*Collected material*:
:::::
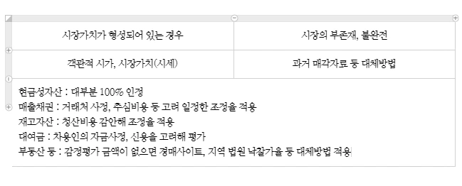 그런데, 분리처분할 수 있는 자산의 유형은 기업별, 개인별로 다양하고 특히 재무상태표상 자산내역을 기준으로 현재 상태와 비교하여 여러 평가적 가정과 요소를 적용해 청산가치를 산정하게 된다.
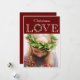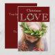 Dulce sentimiento de "Amor de Navidad" en la parte superior de esta tarjeta con acento de corona de eucalipto dibujada a mano. Fondo de color rojo festivo. Agregue su foto personal para personalizar esta dulce tarjeta de Navidad. ¡Zazzle ofrece 100% de satisfacción del cliente todos los días!
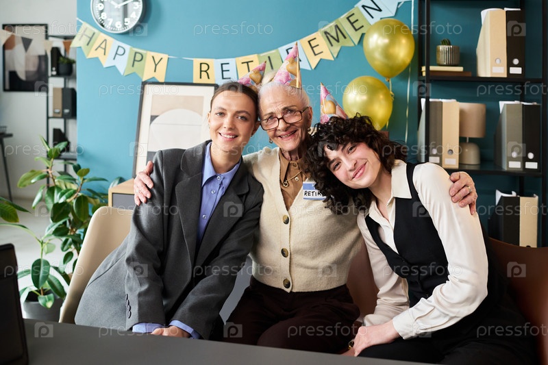 Старшая женщина обнимает молодых взрослых женщин во время пенсионного собрания
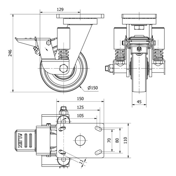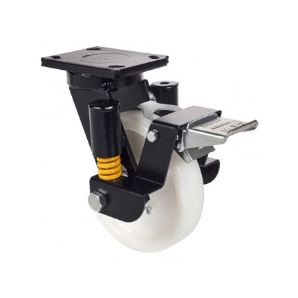 Las ruedas Alex serie HLS-FT son ruedas de nylon extrafuerte, indicadas para soportar altas cargas hasta 1.250 Kg. Con soporte de suspensión elástica, mediante incorporación de muelle muy resistente, ideal para suelos irregulares donde su amortiguación actúa. Se utilizan en útiles de transporte logístico, aéreas de exteriores, gradas móviles, plataformas elevadoras, carros de transporte, maquinaria pesada del sector de la construcción y grúas móviles. FT: indicadas para aplicaciones en industrias alimentarias, químicas y conserveras. No manchan el suelo. Extrafuertes.
:::::
*Work item*: Reproduce the listing above only between the lines holding "Dulce sentimiento de" and "Старшая женщина обнимает", inclusive. Every line must match exactly, and pictures are dropped.

*Response to this task*:
 Dulce sentimiento de "Amor de Navidad" en la parte superior de esta tarjeta con acento de corona de eucalipto dibujada a mano. Fondo de color rojo festivo. Agregue su foto personal para personalizar esta dulce tarjeta de Navidad. ¡Zazzle ofrece 100% de satisfacción del cliente todos los días!
 Старшая женщина обнимает молодых взрослых женщин во время пенсионного собрания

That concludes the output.